Steven J. Massey - This email address is being protected from spambots. You need JavaScript enabled to view it. and
Khaled S. Abdol-Hamid

Analytical Services & Materials Inc.
Hampton, VA 23666
(757) 865-7093

November 2, 1998
Revised June 12, 2000

Introduction

In the past decade, advances in vector super computer technology drove the rapid growth and commercial acceptance of computational fluid dynamics. However, due to fundamental physical constraints, the speed of these vector machines has plateaued in last few years making them prohibitively expensive to own and operate. While individual workstations have taken up much of the work that was previously done by vector machines, mid to large size problems still require machines much larger than the average workstation can handle. The solution to this problem is now at hand due to the introduction of several inexpensive new technologies: Fast Ethernet, powerful personal computers, free Unix and free parallel libraries (Message Passing Interface.) Using these new technologies it is now possible to create super computer class, coarse grained parallel computers entirely from mass market off-the-shelf components. The latest release of the CFD code PAB3D has embraced this new cluster technology and has driven as many as 64 processors with very high efficiencies of over 80%. For smaller problems with less communications, efficiencies are routinely above 95%. In this article, a brief outline of the software and hardware requirements for harnessing the power of these new machines for CFD will be discussed. See Sterling et al. [1] for a broader assessment of clustering for scientific applications in general.

Sample Clusters

Since Thomas Sterling's pioneering work in the creation of the PC cluster "Beowulf" at NASA Goddard Space Flight Center in 1993 (see Sterling et al. [2]), the installed base of low cost clusters, also known as Beowulf class machines, continues to grow rapidly.

NASA Goddard Space Flight Center, is currently host to two large clusters and several smaller clusters. "the HIVE" is a 64 node cluster with 2 Pentium Pro processors (200 MHz, 256K cache) per node and Fast Ethernet, see Figure 1. "the HIVE" is capable of a sustained rate of 7.3 GFLOPS running the PROMETHEUS computer code, which solves the Euler equations for compressible gas dynamics on a structured grid using the Piecewise-Parabolic Method.
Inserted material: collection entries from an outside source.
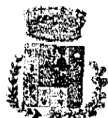
Comune di Bologneta
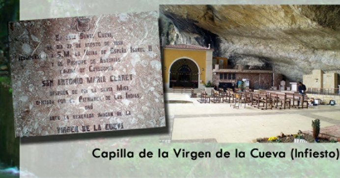
Capilla de la Virgen de la Cueva (Infiesto)
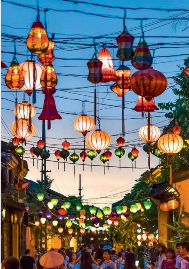
Von Hunderten Laternen erleuchtete Einkaufsstraße in Hoi An in Zentralvietnam
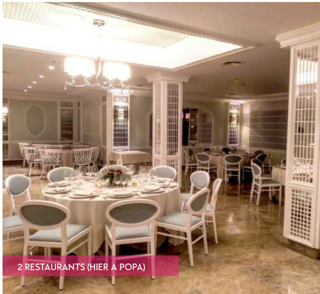
2 RESTAURANTS (HIER A POPA)
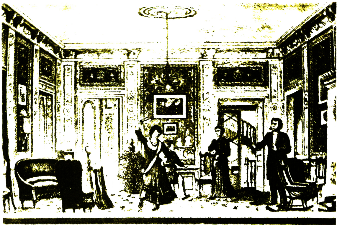
تصویر ۲۰۱۶. (*) صحنه‌یی از نمایشنامه‌ی مرغابی وحشی اثر ایسن، که در ۱۸۸۰ در تئاتر کریستیان در نروژ اجرا شد. طراح این نمایش که برای نخستین بار در نروژ به صحنه رفت آلف یورگنسن بود.

به طور روز افزونی به نمادگرایی ۱۱۷ (سمبولیسم) و مسائلی روی آورد که بیشتر به روابط شخصی می‌پرداختند تا مسائل اجتماعی. اما باید دانست که مایه‌ی اصلی «ده‌ی آثار ایسن یکی است: تلاشی صادقانه و کمال‌اندیش برای افشای تضادهای میان وظیفه‌ی فردی و وظیفه نسبت به دیگران. خانم آلوینگ در نمایشنامه‌ی اشباح بسیار دیر می‌فهمد که زندگی خود را به خاطر ادای وظیفه‌ی افراطی نسبت به دیگران بر باد داده است؛ در حالی که در بسیاری از کارهای اخیر ایسن قهرمان داستان به دنبال توهمهای شخصی خود به خوشبختی‌ی دیگران لطمه می‌زند و سرانجام به خود نیز آسیب می‌رساند.
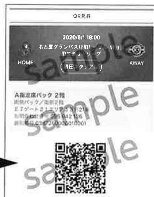
▲QRチケットイメージ画像
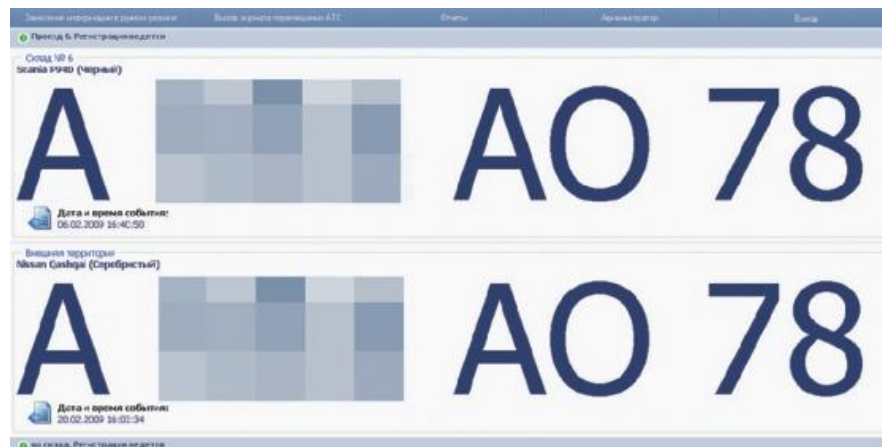
Отображение на мониторе ПК номеров ТС, находящихся в выбранных зонах
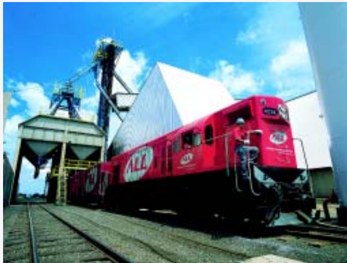
Nos próximos cinco anos, a ALL pretende dobrar o tamanho do negócio

Além disso, outro grande projeto é o acordo com a Rumo
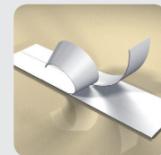
Splittet underlag som er enkelt å fjerne

I innlegg og andre bruksområder der de ikke behøver å limes på
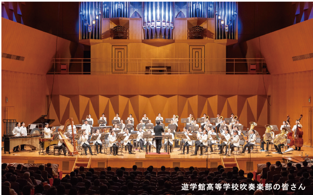
遊学館高等学校吹奏楽部の皆さん

プログラム(予定) ～平和に関するクイズ～ ～演奏曲～ ♪アニメソング ♪ジブリ名曲 ♪イマジン ♪We Are The World ～合唱「窓の外には」～
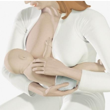
Afb.3 Madonna houding

For a 1997 system price of $210,000, the cost per MFLOPS is $29. The second large cluster at NASA Goddard is a file server consisting of 100 166 MHz Pentium Pro processors (2 per node) and a total disk space of 515 GB, see Figure 2.
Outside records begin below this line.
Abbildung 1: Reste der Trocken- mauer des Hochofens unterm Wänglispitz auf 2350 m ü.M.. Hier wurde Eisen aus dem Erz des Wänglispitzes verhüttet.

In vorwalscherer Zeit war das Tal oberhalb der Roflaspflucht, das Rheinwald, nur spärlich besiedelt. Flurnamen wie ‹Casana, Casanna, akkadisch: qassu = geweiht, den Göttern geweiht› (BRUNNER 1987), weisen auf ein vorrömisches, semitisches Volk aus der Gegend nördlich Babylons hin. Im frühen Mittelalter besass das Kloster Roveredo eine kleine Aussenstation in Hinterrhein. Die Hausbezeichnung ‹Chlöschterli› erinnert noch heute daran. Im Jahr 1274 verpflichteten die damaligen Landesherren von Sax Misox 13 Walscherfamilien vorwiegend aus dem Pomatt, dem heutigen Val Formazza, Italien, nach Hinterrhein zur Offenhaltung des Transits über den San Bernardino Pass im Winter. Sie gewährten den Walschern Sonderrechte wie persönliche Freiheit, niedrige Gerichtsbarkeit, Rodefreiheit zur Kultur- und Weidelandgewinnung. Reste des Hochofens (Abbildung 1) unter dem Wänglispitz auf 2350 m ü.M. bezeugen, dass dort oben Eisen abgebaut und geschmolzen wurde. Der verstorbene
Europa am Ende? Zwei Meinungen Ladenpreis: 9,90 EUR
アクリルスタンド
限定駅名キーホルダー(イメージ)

Very recently Michael S. Warren of Los Alamos National Laboratory, assembled a 140 node DEC Alpha (533 MHz, 2 MB cache) cluster constructed entirely from commodity personal computer technology and freely available software, for a cost of $313,000 including on site labor, see Figure 3.  The machine performs at a peak of 47.7 GFLOPS (Linpack) and sustains 17.6 GFLOPS on a gravitational simulation code. As a reference, CFD codes typically run from 325 to 480 MFLOPS per processor on a Cray C-90.

Another notable DEC Alpha cluster is the 160 node cluster at Digital Domain which was constructed in 1996 to render scenes for the film Titanic, see Figure 4. Unlike the other clusters discussed so far, the Digital Domain cluster mixed Windows NT and Linux operating systems within the cluster to meet application software requirements. However, for scientific applications for which source code is available, Linux offers the best performance and lowest cost.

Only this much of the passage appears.